Though there is no cure for osteoarthritis aside from a total replacement of the affected joint, there are many ways to seek relief from the pain and stiffness. Treatments can include medications like pain relievers and anti-inflammatories, either oral or topical. Analgesics like Tylenol and non-steroidal anti-inflammatory drugs (NSAIDs) like ibuprofen are the most common arthritis medications, according to a recent SingleCare survey. NSAIDS are actually first-line treatment since they treat both the pain and inflammation. 

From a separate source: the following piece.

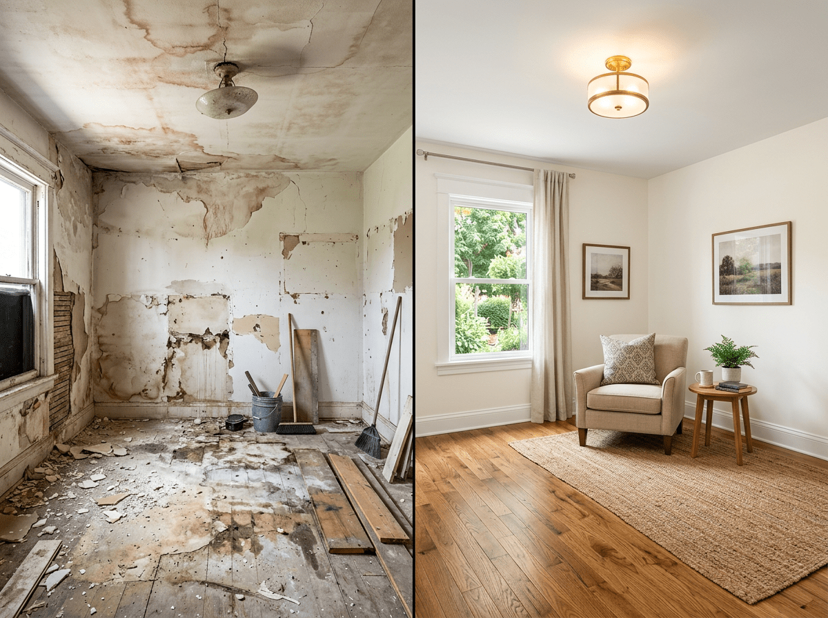 Complete fire damage cleanup, smoke odor elimination, structural decontamination & full interior reconstruction — with a warranty-backed rebuild. We secure your valuables and handle your insurance documentation.

Heat and ice can help, as can low-impact physical activity like swimming, yoga, and tai chi. Staying active and maintaining a healthy weight are very helpful for minimizing pain and disability associated with osteoarthritis. Additionally, working with a physical or occupational therapist to improve overall strength, flexibility, and balance can be very beneficial. There are assistive devices like canes and walkers and lifestyle accommodations that can make mobility easier. There is even some evidence that acupuncture, certain foods, and other alternative treatments can relieve symptoms.

Each body (and even each joint) reacts to treatments differently, so not every treatment option will work for every person. It is important to try different protocols to arrive at a plan that works for you. For example, I am not able to take anti-inflammatories due to another medical condition, so that option is not available to me; however, I found that moving my finger joints by doing needlework and keeping my hands warm in the winter are the keys to overcoming my pain and stiffness. I have also used acupuncture and Tylenol (acetaminophen) during particularly difficult flares. 

RELATED: Is it safe to take ibuprofen and Tylenol together?

Moving forward: Living with osteoarthritis 

“Osteoarthritis is a chronic condition, but not a life-threatening condition,” Dr. Girnita emphasizes. Some risk factors, like obesity or inactivity, can be alleviated to help reduce symptoms and the rate of degeneration. Thankfully, my arthritis has progressed quite slowly so far, and I can still do all daily activities with minimal pain. 

“Patients who are actively involved in the management of their disease will be able, with guidance, to have good outcomes,” Dr. Girnita says. By educating themselves and combining the treatment options above, she adds, “these patients can have a good life.”